Data in practice: A participatory approach to understanding pre-service teachers’ perspectives
Data about learning can support teachers in their decision-making processes as they design tasks aimed at improving student educational outcomes. However, to achieve systemic impact, a deeper understanding of teachers’ perspectives on, and expectations for, data as evidence is required. It is critical to understand how teachers’ actions align with emerging learning analytics technologies, including the practices of pre-service teachers who are developing their perspectives on data use in classroom in their initial teacher education programme. This may lead to an integration gap in which technology and data literacy align poorly with expectations of the role of data and enabling technologies. This paper describes two participatory workshops that provide examples of the value of human-centred approaches to understand teachers’ perspectives on, and expectations for, data as evidence. These workshops focus on the design of pre-service teachers enrolled in teacher education programmes (N = 21) at two Australian universities.
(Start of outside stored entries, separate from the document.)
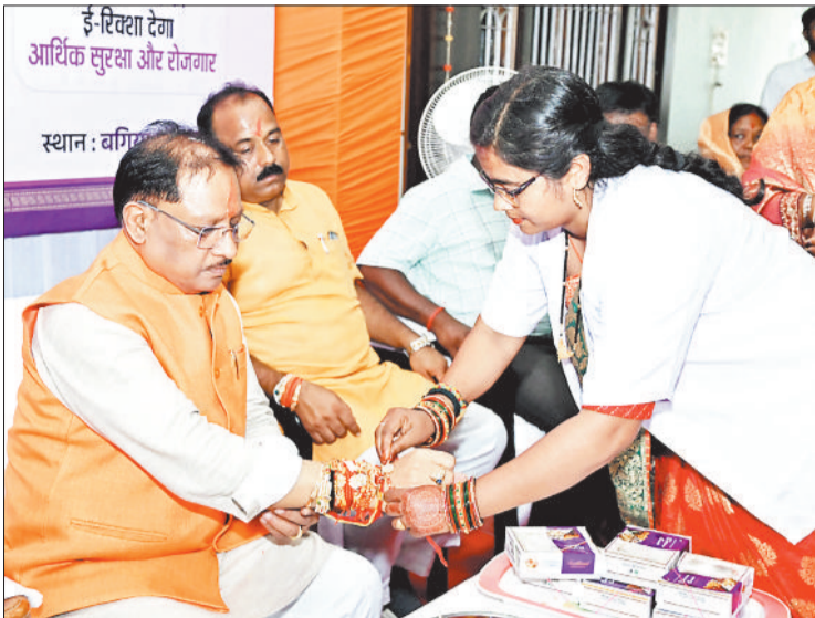
मुख्यमंत्री को राखी बांधती जशपुर की दीदी।

मुख्यमंत्री विष्णु देव साय के गृह ग्राम बगिया कैम्प कार्यालय में रक्षाबंधन के पावन पर्व पर विभिन्न योजनाओं से लाभान्वित दीदीयों ने राखी बांधकर आभार व्यक्त किया। मुख्यमंत्री को प्रधानमंत्री आवास योजना, महतारी वंदन योजना से लाभान्वित दीदीयां आंगनवाड़ी, कार्यकर्ता सहायिका, और मितानिन स्व सहायता समूह की दीदियों ने राखी बांधी मुख्यमंत्री ने सभी दीदियों को रक्षाबंधन की हार्दिक बधाई और शुभकामनाएं दी उन्होंने कहा कि रक्षा बंधन का पवित्र त्योहार भाई और बहनों की आपसी रिश्तों और प्रतीक का त्योहार है। उन्होंने कहा कि रक्षा बंधन त्योहार के पर्व पर भाई बहनों की रक्षा का संकल्प लेती है। मुख्यमंत्री ने कहा कि हमारी सरकार लोगों के विकास के लिए निरंतर कार्य कर रही है। छत्तीसगढ़ के लगभग तीन करोड़ की जनता का आशीर्वाद हमेशा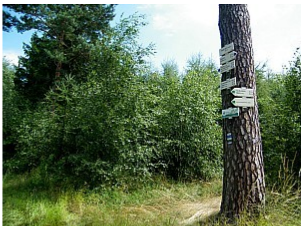
03 rozcestník Nad Díly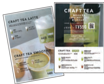
一級茶師が選抜いたお茶を楽しむ「CRAFT TEA」がスタート。サブスクで初月550円から気軽に始められます。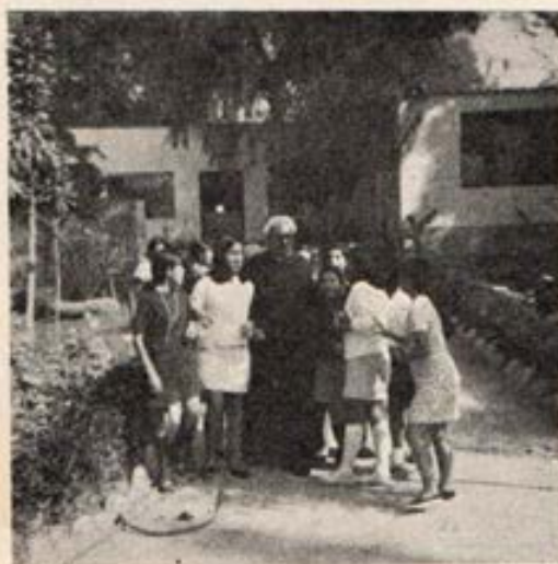
Las Oratorianas de Breña en el retiro de chacacayo gozan de un rato de expansión.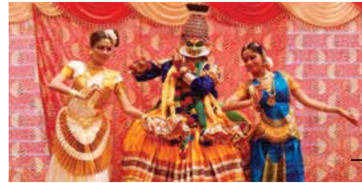
Onam celebrations held at Delhi office.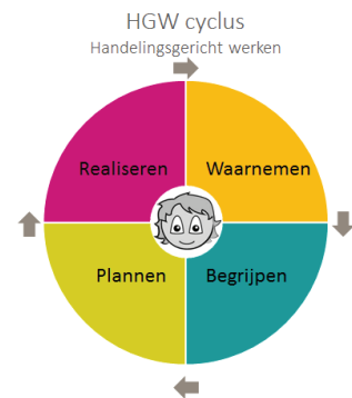
Figuur 7: HGW cyclus SLO (2015)

Iedereen die betrokken is bij een school weet hoe en waarom op school op die manier gewerkt wordt. De afspraken over wie wat doet, waarom, waar, hoe en wanneer zijn helder. De school is dan ook transparant over het werk dat zij doet, heeft gedaan en van plan is te gaan doen. Een leerkracht die handelingsgericht werkt, werkt planmatig. De HGW-cyclus biedt hierbij houvast: waarnemen, plannen, realiseren, evalueren en bijstellen. Hierbij heeft de leerkracht een onderzoekende en reflectieve houding (Pameijer, Van Beukering & De Lange, 2009).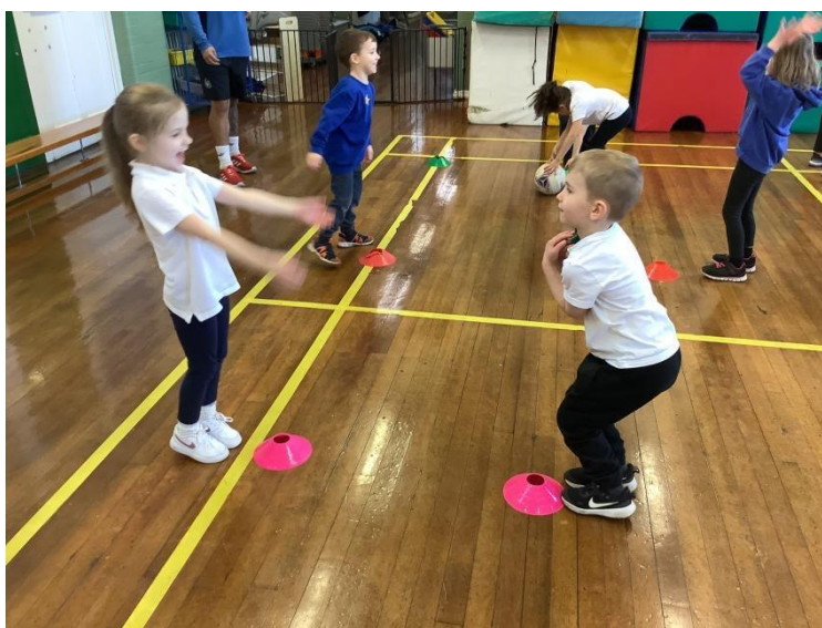
Slika 7. Uvodni dio aktivnosti tjelesnog odgoja: hvatalica u parovima

Uvodni dio započinje znakom od strane odgojitelja za okupljanjem na određenom mjestu unutar vježbačkog prostora. Okupljanje se organizira na mjestu koje odgojitelj smatra najpogodnijim za koncentraciju djece na nadolazeće zadatke. Radi sigurnosti djece, nužno je ponovno provjeriti jesu li svi primjereno odjeveni i obučeni, jesu li cipele ispravno vezane ili nose papuče, jesu li djeca skinula nakit, jesu li dugačke kose pričvršćene i slično. Aktivnost tjelesnog odgoja započinje službenim sportskim pozdravom, koji bi uvijek trebao biti isti i lako prepoznatljiv djeci. Planirani sadržaj treba kratko opisati i po potrebi demonstrirati kako bi djeca razumjela motoričke zadatke koje će izvoditi. Tijekom izvođenja aktivnosti, odgojitelj treba biti smješten na poziciji koja omogućuje pregled cijelog prostora za vježbanje kako bi mogao pravodobno reagirati na sve situacije, kao što su usmjeravanje djece, korigiranje pogrešaka, dodatna pojašnjenja po potrebi, pohvale tijekom rada, poticanje, motiviranje, upućivanje, pružanje pomoći kad je potrebno, ohrabrivanje i slično. Nakon što djeca završe sa sadržajima, pospremaju svu opremu koju su koristili na odgovarajuće mjesto, s obzirom da im neće biti potrebna u sljedećem dijelu aktivnosti.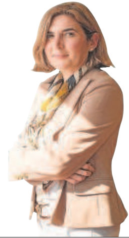
ROCÍO BLANCO EMPLEO, EMPRESAS Y TRABAJADORES AUTÓNOMOS

Del Pozo es otro de las cuatro mujeres que repiten en la foto del nuevo Ejecutivo. De Cultura salta a Educación, un terreno en el que se mueve con comodidad y conoce. Tendrá en sus manos el segundo mayor presupuesto tras Salud y una plantilla que supera los cien mil profesores. También se enfrenta al reto de la gestión de la Formación Profesional. Sevillana, licenciada en Derecho y especialista en legislación europea, ha sido diputada en el Congreso y, más tarde, en el Parlamento andaluz.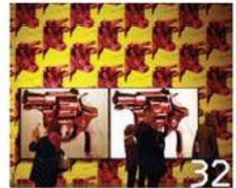
32 נועה בלרשטיין Noa Bellerstein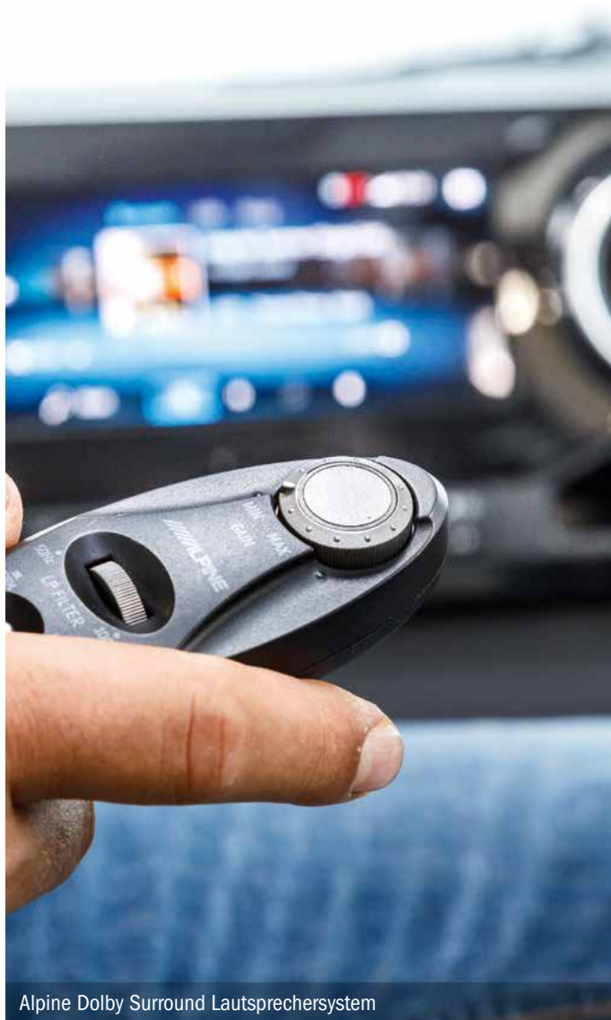
Alpine Dolby Surround Lautsprechersystem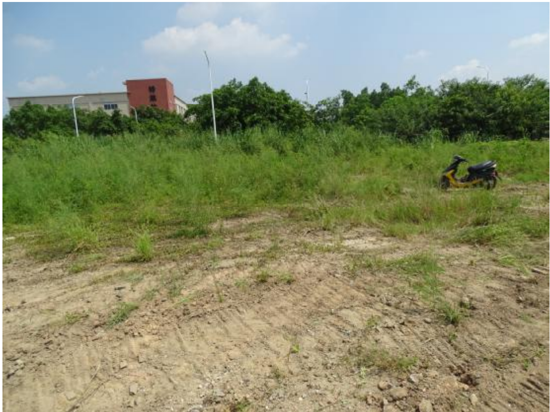
图 14 工程用地地表现状（西-东）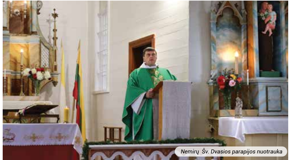
Nemirų Šv. Dvasios parapijos nuotrauka

Iš tikrųjų, rodos, kad su kiekvienu metais šventės, kurios būnant vaiku, atrodė magiškos ir stebuklingos, dabar ne vienam iš mūsų asocijuojasi su rūpesčiais, pareigomis ir vis nepakankamai išpildytomis mamoms tėčio sesės brolio kolegos ir kitomis rolėmis. Norisi palinkėti, kad šis advento laikotarpis taptų paskaita bent kartais nusimesti slegiančius pareigų ir rūpesčių rūbus ir susitikti su tuo tikruoju savimi, kuris po jais slepiasi, bei paklausti: kas tu? Kaip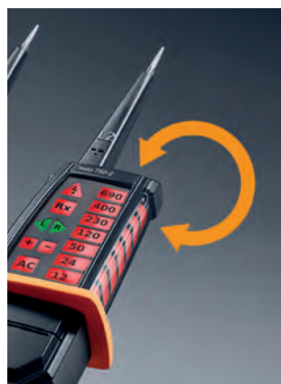
Zkoušečka napětí testo 750 je vybavena 3-stranným LED displejem.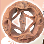
土製耳飾 (桐生市教育委員会蔵)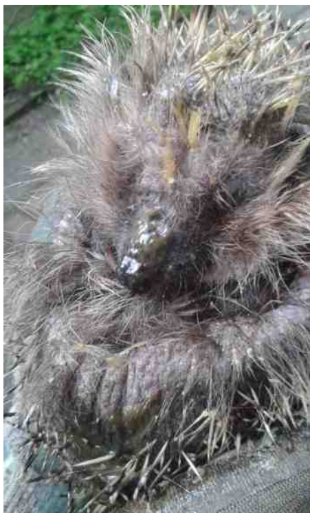
Egeltjes vertederen altijd weer.

In het eerste huis blijkt een mannetjesegel te zitten, die zich snel tot een balletje rolt. Na een tijdje kijkt hij toch wat schuchter om zich heen. Hij ziet er gezond uit. In oktober woog hij nog 660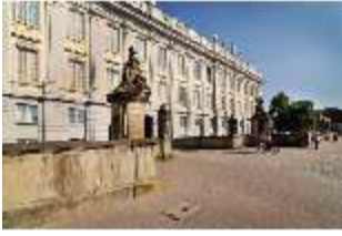
AnsRes.I, Residenz, Hauptfassade, Detail, DI000695, BSV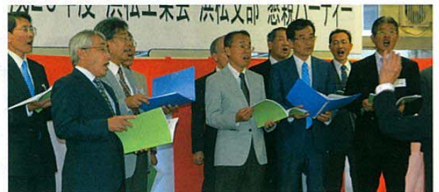
趣味の会へ新加入した「佐鳴グリーンクラブ」の合唱披露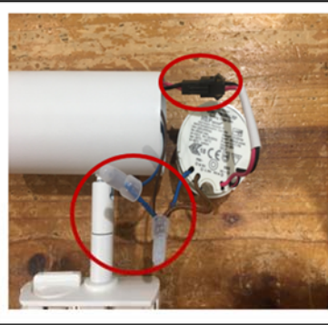
Figure2 Loose the connection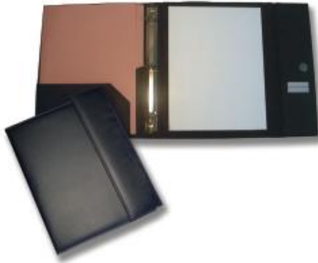
MOD. 103 TRAPER C/ TAPA MIDE. 25 X 31 CMS. CON BROCHE DE IMÁN FORRO INTERIOR DE TELA CON SOLAPA DE PIEL SINTÉTICA, 3 TARJETEOS, PORTABLOCK Y PORTAPLUMA.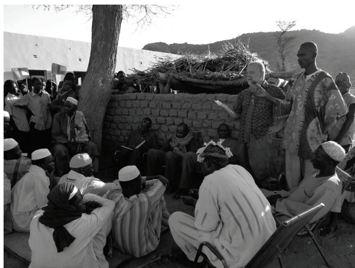
Inauguration de l'école d'Ewéry

femmes, enfants, du village ou de passage, s'affairent pour tirer l'eau, remplir seaux et bidons ou faire boire le bétail.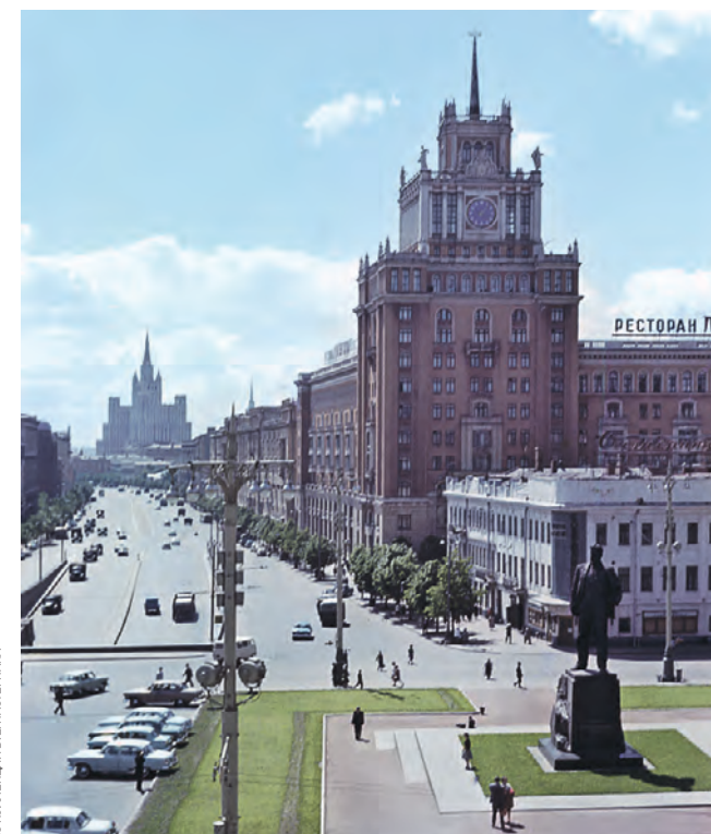
1962 год. Площадь Маяковского уже заметно преобразилась

большое внимание деталям: от выбора места застройки до оформления фасадов. После смерти Сталина Чечулина обвиняли в излишней монументальности и дороговизне проектов. Тем не менее работы этого знакового для Москвы архитектора продолжают восхищать своей красотой и мастерством исполнения.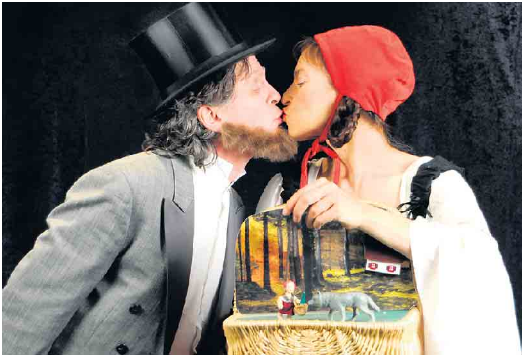
Happy End?

Das „theater 1“ hat mit dieser Inszenierung eine Komödie geschaffen, die weder ein süßliches Rotkäppchen-Märchen noch ein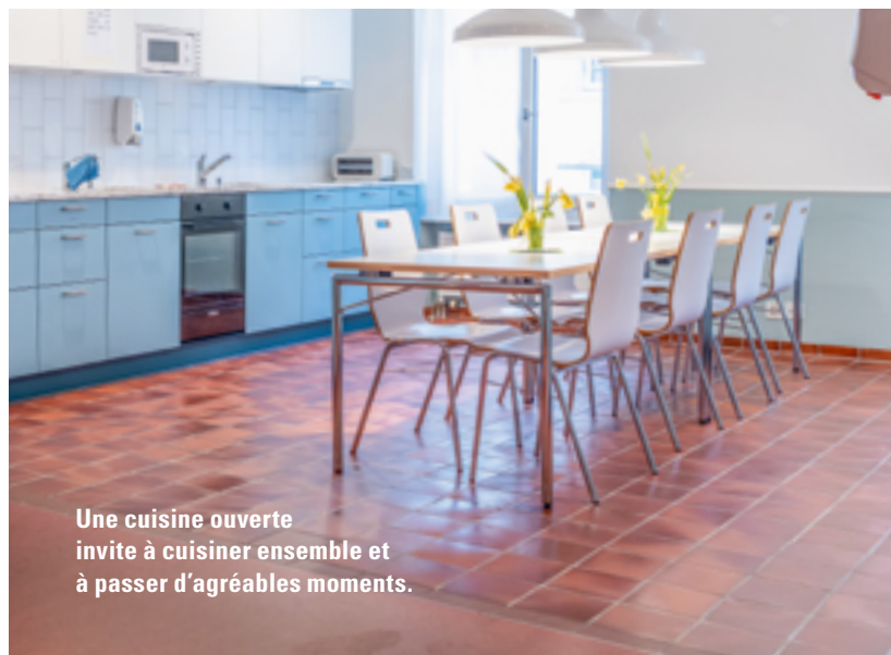
Une cuisine ouverte invite à cuisiner ensemble et à passer d'agréables moments.

Mehmet S. est l'un de ces habitants. En raison d'un trouble psychique, le jeune homme a de la peine à habiter de manière autonome. Après avoir quitté une colocation problématique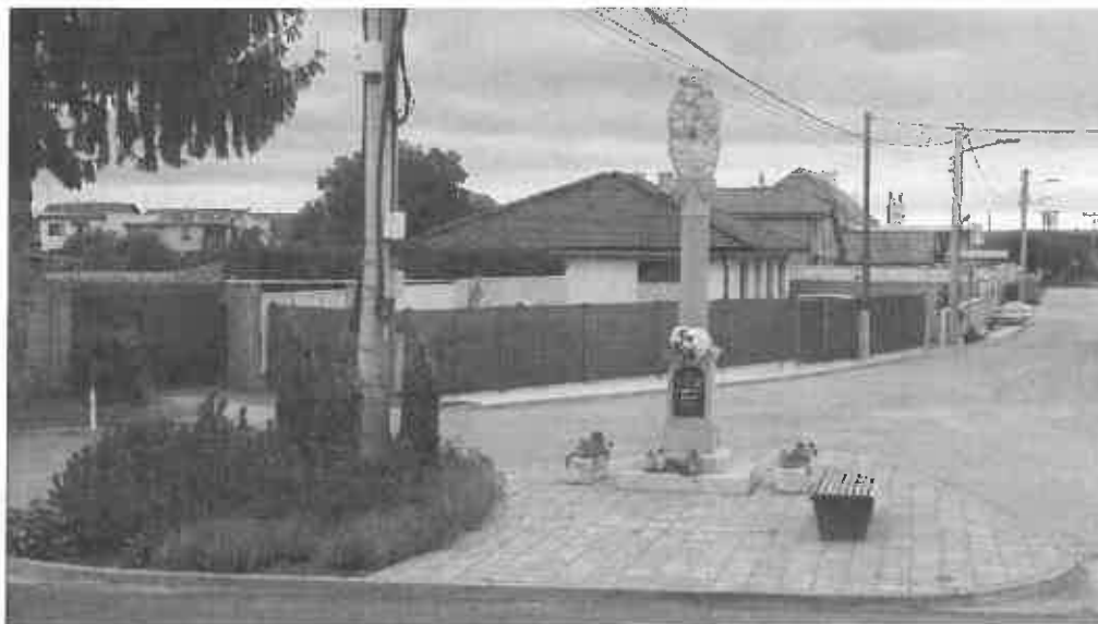
socha Najsvätejšej Trojice postavená v roku 1923 Ruženským spolkom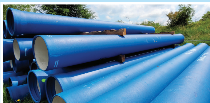
Conduites en Fonte de 400 et 600 mm avant pose.

Les travaux, d'un montant de près d'1 million d'euros , se sont déroulés entre avril et juin 2023, dont un mois de nuit pour ne pas entraver la circulation de la rocade.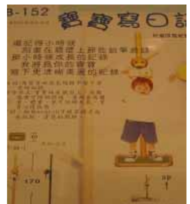
B-152 大葉大學 林智文

The approach points to the significance of (a) pre-service teachers’ intentions to track their students’ dispositions to learning and their ability to learn effectively, (b) the materiality of learning analytics as an enabling technology and (c) the alignment of learning analytics with learning design, including the human-centred, ethical and inclusive use of educational data in the teaching practice.
Implications for practice or policy:
- Pre-service teachers ought to be given opportunities to engage and understand more about learning design, learning analytics and the use of data in classrooms.
- Professional experience placements for pre-service teachers should include participatory data sessions or learning design workshops.
- Teacher education academics in universities must be provided with ongoing professional development to support their preparation work of pre-service teachers’ data literacy, learning analytics and the increasing presence of data.